Suspected allergy? Get a proper answer.

Persistent rhinitis, suspected food allergy, recurrent urticaria (hives), reactions to insect stings or medications — assessed by a GMC-registered GP, with specific IgE blood testing through The Doctors Laboratory (TDL) where clinically indicated. We focus on the tests that actually mean something, and onward referral to consultant allergy/immunology when your case calls for it.

Anaphylaxis is a medical emergency. Severe reaction with swelling, breathing difficulty, throat tightness, collapse or known anaphylaxis to a specific trigger — use your adrenaline pen if you have one and call 999. The Royal London A&E is 5 minutes from us. Don't book an outpatient allergy appointment if this is happening right now.

Same week
most appointments
TDL labs
ImmunoCAP testing
1–7 days
most results
What we test

Specific IgE testing, done properly.

Allergy testing is most useful when the test is matched to a clinical history. A high IgE result against, say, peanut, in someone with no reaction history may mean very little. A low IgE result in someone with a clear anaphylactic history may still need specialist input. Tests don't replace clinical judgement — they support it. Here's what we offer.

Food allergy panels

Specific IgE blood testing for common food allergens — cow's milk, egg, wheat, soy, peanut, tree nuts, fish, shellfish, sesame, kiwi, and others. Panels chosen based on your symptom history rather than blanket "test everything" approach.

ImmunoCAP via TDL · results in 3–7 days

Environmental & pollen

Tree, grass and weed pollens; house dust mite; mould spores; cat, dog and other animal danders. Useful for persistent allergic rhinitis (hayfever), allergic asthma, or unexplained eczema flares with seasonal pattern.

ImmunoCAP via TDL · results in 3–7 days

Insect venom & medications

Bee and wasp venom IgE for those with severe reaction history to stings. Antibiotic and drug allergy IgE testing where clinically appropriate — though drug allergy diagnosis often needs specialist input (challenge testing, patch testing).

ImmunoCAP via TDL · results in 3–7 days

Total IgE & tryptase

Total IgE provides a global picture of atopic tendency. Tryptase is useful in suspected mast cell disorders or as part of anaphylaxis investigation. Both interpreted alongside clinical context.

Standard blood draw · same-day result

Component-resolved diagnostics

For specific allergens (peanut, hazelnut, milk, egg), component-level IgE testing can clarify whether a sensitisation is likely to cause systemic reactions or remain limited to oral symptoms. Useful in selected food allergy cases.

ImmunoCAP via TDL · results in 5–10 days

Symptom-history workup

Often the most useful part of the appointment. A careful history, a clear pattern timeline, identifying what to avoid, what to challenge, what's likely worth testing, and what isn't. Some patients leave without any blood test — with a clear plan instead.

Included in consultation · no extra fee

All blood testing is processed through The Doctors Laboratory (TDL), one of the largest UK private pathology providers. Specific IgE testing uses the ImmunoCAP system — the standard methodology used by NHS allergy services and recommended by the British Society for Allergy and Clinical Immunology (BSACI). Results are reviewed in a follow-up consultation with a clear plan rather than just a list of numbers.

How it works

From "I think I'm reacting to something" to a real answer.
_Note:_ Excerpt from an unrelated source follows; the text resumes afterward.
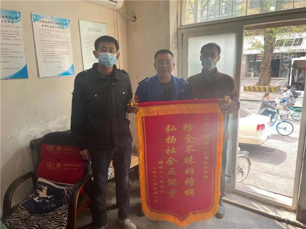 5月3日一早,高先生再次來(lái)到297站務(wù)室,一直等到李秀明跑車(chē)回到站務(wù)室后,將自己特意制作的錦旗交到他手中,再次表達(dá)自己對(duì)這位好心駕駛員的誠(chéng)摯謝意。
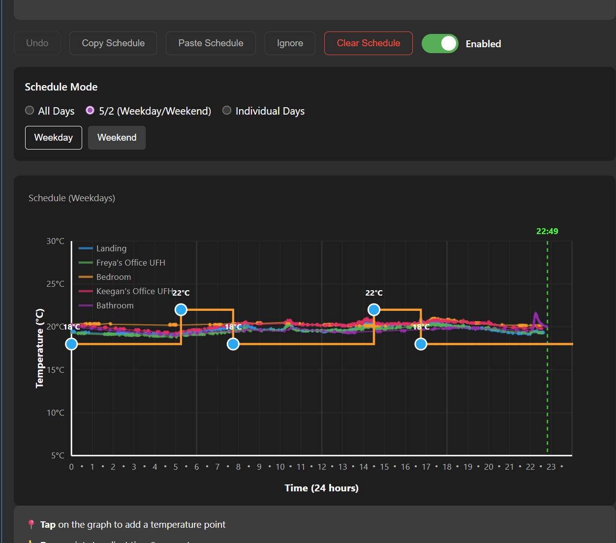 Double-click on the graph and it should add a new node, click on it to get an extra UI below the graph for extra settings, drag the node to move change time/temperature values. If you are in an active time period the temperature should be updated immediately, if you reboot your server it should also check and update to the current scheduled values too.

Allergy workup is a process, not a one-off test. Here's how a typical case progresses through our clinic.

  1. 01

    Initial consultation & symptom history

    A 30-minute appointment to take a detailed history — what happens, when, how quickly, in what context, with what severity. Often the most clinically useful step. Some patterns are recognisable without testing (classic seasonal hayfever, contact urticaria to a known trigger); others need investigation.

  2. 02

    Targeted testing

    Where testing adds value, we agree the specific allergens to test based on your history. A blood sample is taken on-site and sent to TDL for ImmunoCAP-based specific IgE analysis. We don't run blanket "test everything" panels — the test is only as useful as the clinical match.

  3. 03

    Results review & treatment plan

    A follow-up consultation to interpret results in clinical context. Positive results are matched to history and severity. Treatment plans typically cover avoidance, symptomatic medication (antihistamines, nasal sprays, eye drops, asthma medications), allergy action plans, and adrenaline auto-injectors where appropriate.

  4. 04

    Onward referral where needed

    Some cases need consultant allergy/immunology input — suspected anaphylaxis, drug allergy needing challenge testing, allergen immunotherapy ("desensitisation") for severe hayfever or venom allergy, occupational allergy investigation, or complex food allergy in children. We refer to NHS or private allergy specialists with a clear summary letter.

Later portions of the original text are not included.